Redraw wards based on population

Councillor Filion’s ward has 100,000 people
City average is 58,000
So he wants city wide ward boundary review
Kris Scheuer
(Written for Town Crier Feb. 3)

John Filion wants the city to redraw ward boundaries so the population is more evenly distributed for council representation.
And if it doesn’t happen soon, he’s looking at taking matters into his own hands.
A few years ago the Willowdale rep asked for a staff report on redrawing the 44 ward boundaries, but it never materialized. He expects a report this council term.
Filion has taken up the cause again because his ward is so densely populated.
His office represents 88,840 residents, according to city stats projections to 2009.
Filion said the current number is closer to 100,000 people. The city median is 58,776 residents per ward, so Filion represents almost double the average. Ward 23 is bounded roughly by Steeles Avenue, Bayview Avenue, Highway 401 and Bathurst Street. “I end up doing the work of two councillors with the same resources as one office,” said Filion, who represents a very politically active and development-heavy ward.
In the meantime, Filion is hoping council will give him a larger office expense budget to handle the load. Filion said council has limited time to deal with redrawing ward boundaries before the 2014 election.
“If something doesn’t happen by next year, I will have to force the issue,” Filion said of a ward boundary adjustment. “I would do (a) petition, which would take it out of council’s hands.”
Under the City of Toronto Act, a petition of 500 or more electors asking the municipal government to adjust ward boundaries would require the city to act. If it didn’t within 90 days, the issue could be appealed to the Ontario Municipal Board, which could order council to re-divide the wards.
York-Centre Councillor James Pasternak’s Ward 10 neighbours Filion’s and he expects if boundaries are redrawn it would mean his ward would absorb more residents.
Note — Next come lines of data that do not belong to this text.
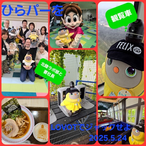 家族三人とLOVOTちょこと雨の中行ってきました!雨でしたが、濡れないように工夫して皆で観覧車やトレインに乗ったのが楽しかったです^ ^沢山、オーナーさんもお見かけし、様々濡れない工夫してるのが勉強になりました!この経験でLOVOTとの外出ももっと出来そうだなと思いました^ ^また、ひらパーコラボや関西でのコラボを希望します!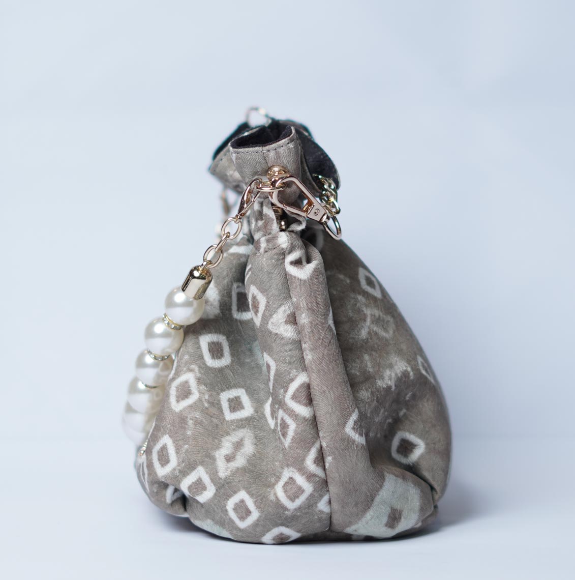 tas pesta dengan jinjing mutiara bahan kain jumputan pewarna alam, tampil elegan dengan warna yang lembut tetap terkesan mewah dengan jinjing mutiara nya.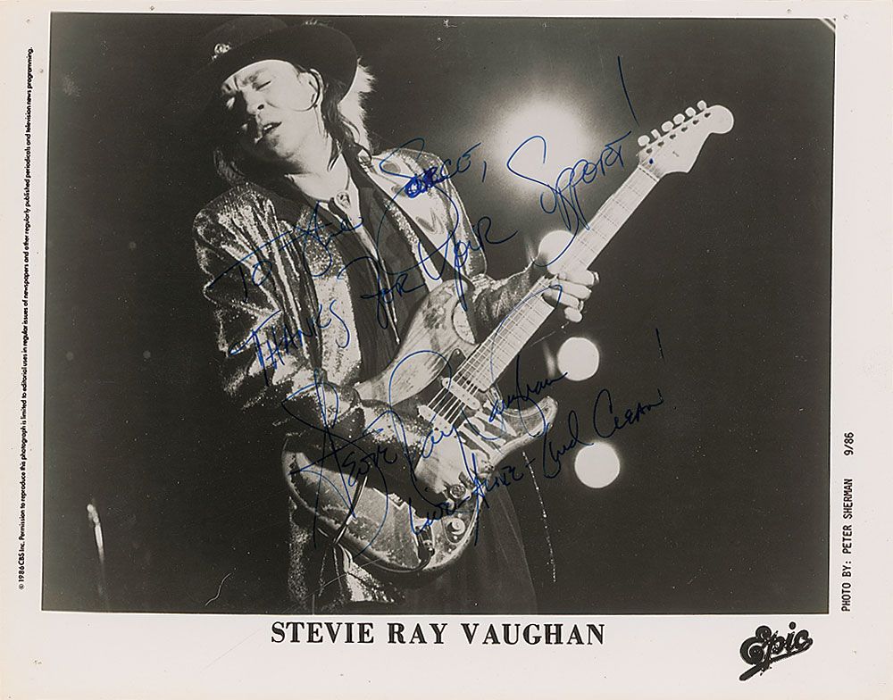 Glossy 10 x 8 Epic Records publicity photo of Vaughan on stage, signed and inscribed in blue ink “To the Source, Thanks for your support! Stevie Ray Vaughan, Live–Alive– and Clean!.” In fine condition, with a couple staple and tack holes to corners and borders. “The Source" was the rehab center that Vaughan stayed at after a long battle with alcohol in the late 1980s.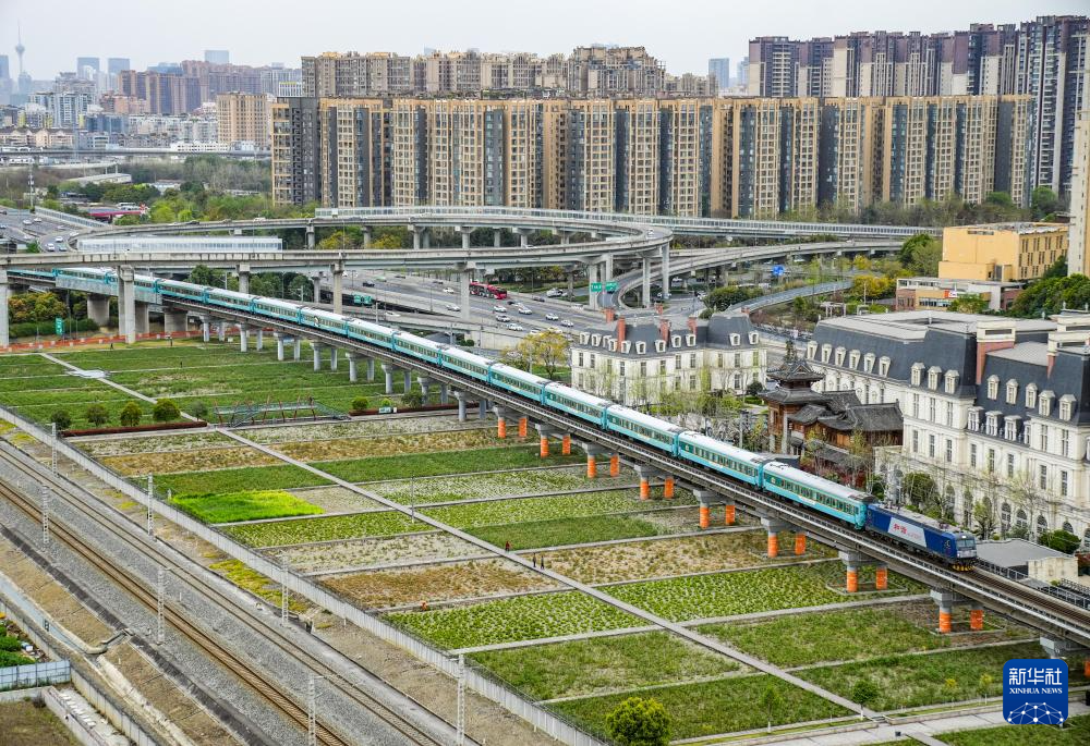3月28日,Y471次“熊猫专列·什邡号”列车行驶在四川省成都市境内的石羊立交桥上(无人机照片)。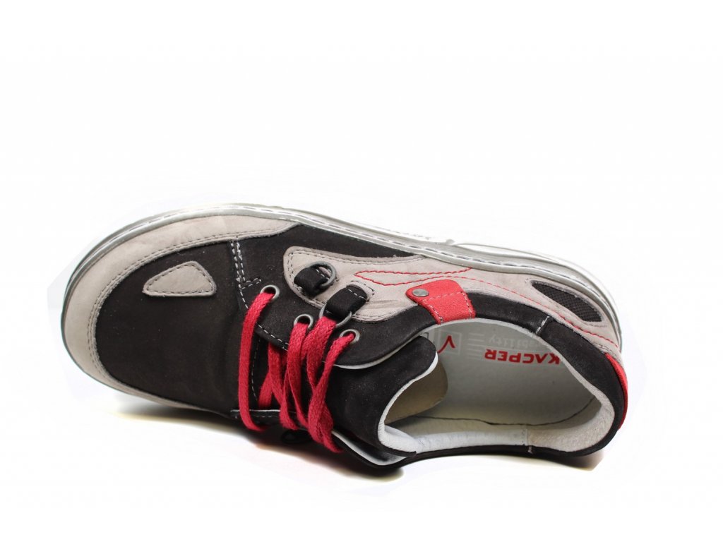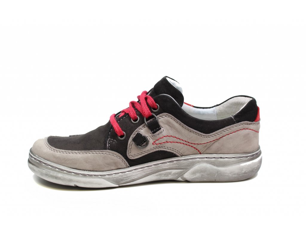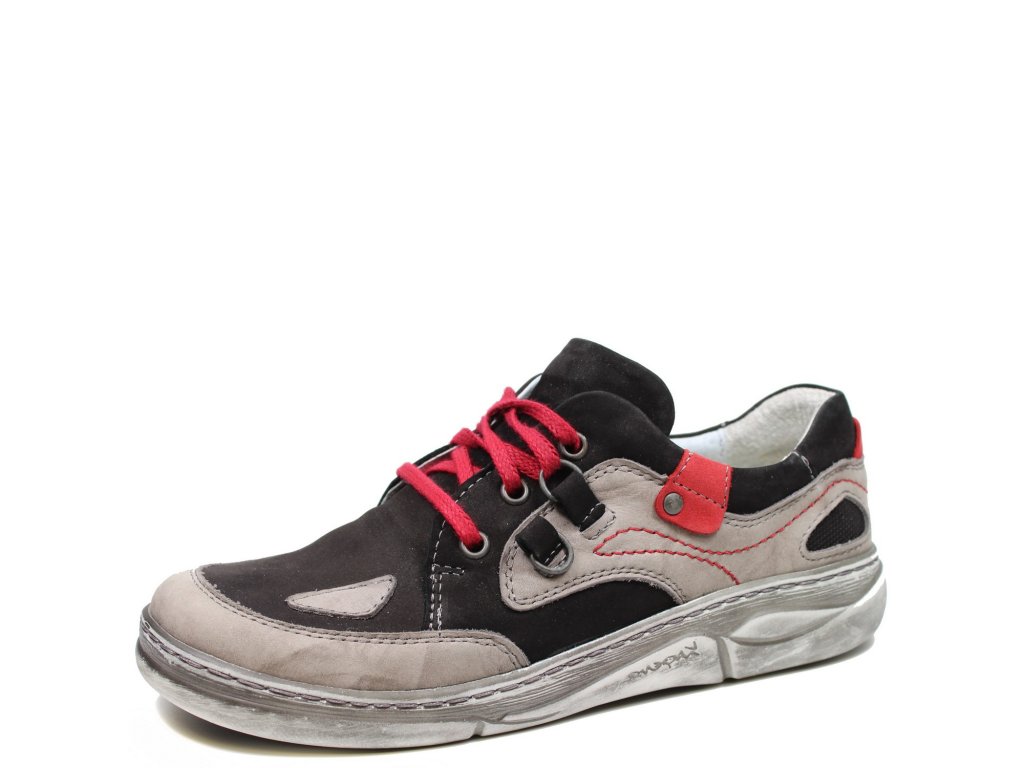 Dámské polobotky Kacper na pohodlné platformě se šněrováním. Kožený vzor se snadno přizpůsobí noze. Díky kulaté špičce jsou vhodné i na širší nohu. Červené doplňky na botě dodávají botám šmrnc.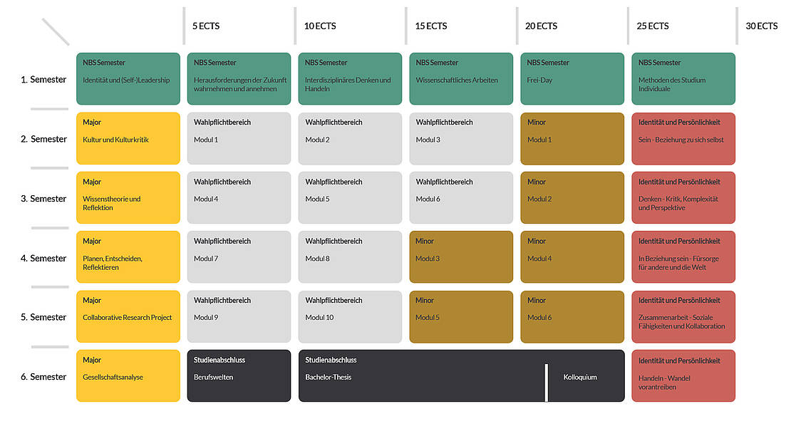 - NBS-Einführungssemester: Vermittelt wissenschaftliche Arbeitsmethoden, fördert Selbstreflexion und hilft den persönlichen "inneren Kompass" für das Studium zu entwickeln[9]. Bereits hier werden zukünftige Herausforderungen wie Digitalisierung oder Klimawandel thematisiert[10]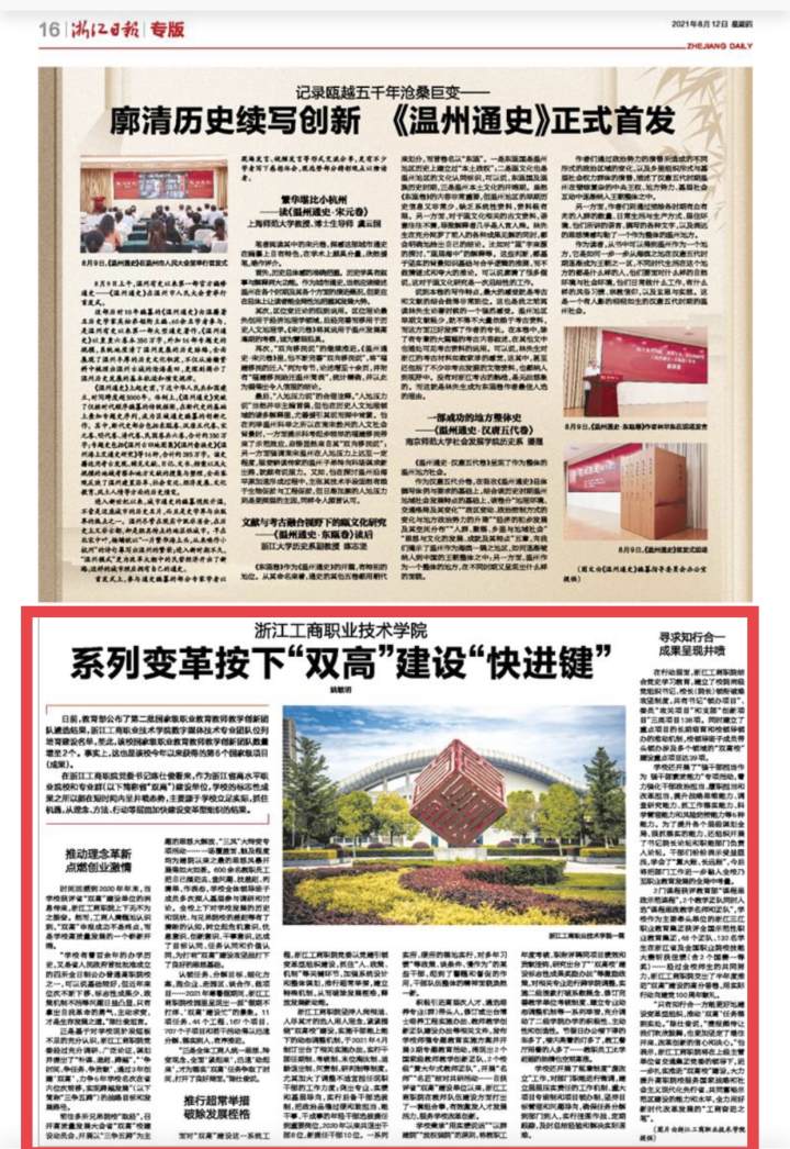 8月12日,《浙江日报》第16版刊出了题为《浙江工商职业技术学院 系列变革按下“双高”建设“快进键”》的文章,介绍了我校自获评浙江省“双高”建设单位以来,立足实际,抓住机遇,从理念、方法、行动等层面加快建设变革型组织,释放发展新动能,标志性成果呈井喷态势的内容。浙江新闻客户端、《宁波日报》等重要媒体也相继对此做了报道,在提升学校知名度、美誉度的同时,更为我校凝心聚力、改革创新,扎实推进“双高校”建设,向着“三争五跨”目标奋力迈进营造了积极振奋的舆论氛围。

“I think it makes sense that Ward 10 would take some of the residents,” said Pasternak, who represents about 62,836 residents. “I am squeezed between Ward 10 with the highest population and Wards 8 and 9 with the fewest residents.”
Pasternak is concerned though that any additional residents that come his way if boundaries are changed include additional resources.
“We are currently underserviced in Ward 10 so any transfer of residents, it must be accompanied with solutions for capital assets,” Pasternak said. “Ward 10 has been left behind.
“We sit at the bottom of the list for community space.”
Neither Pasternak nor Filion were aware of a timeline for any staff report on changing ward boundaries.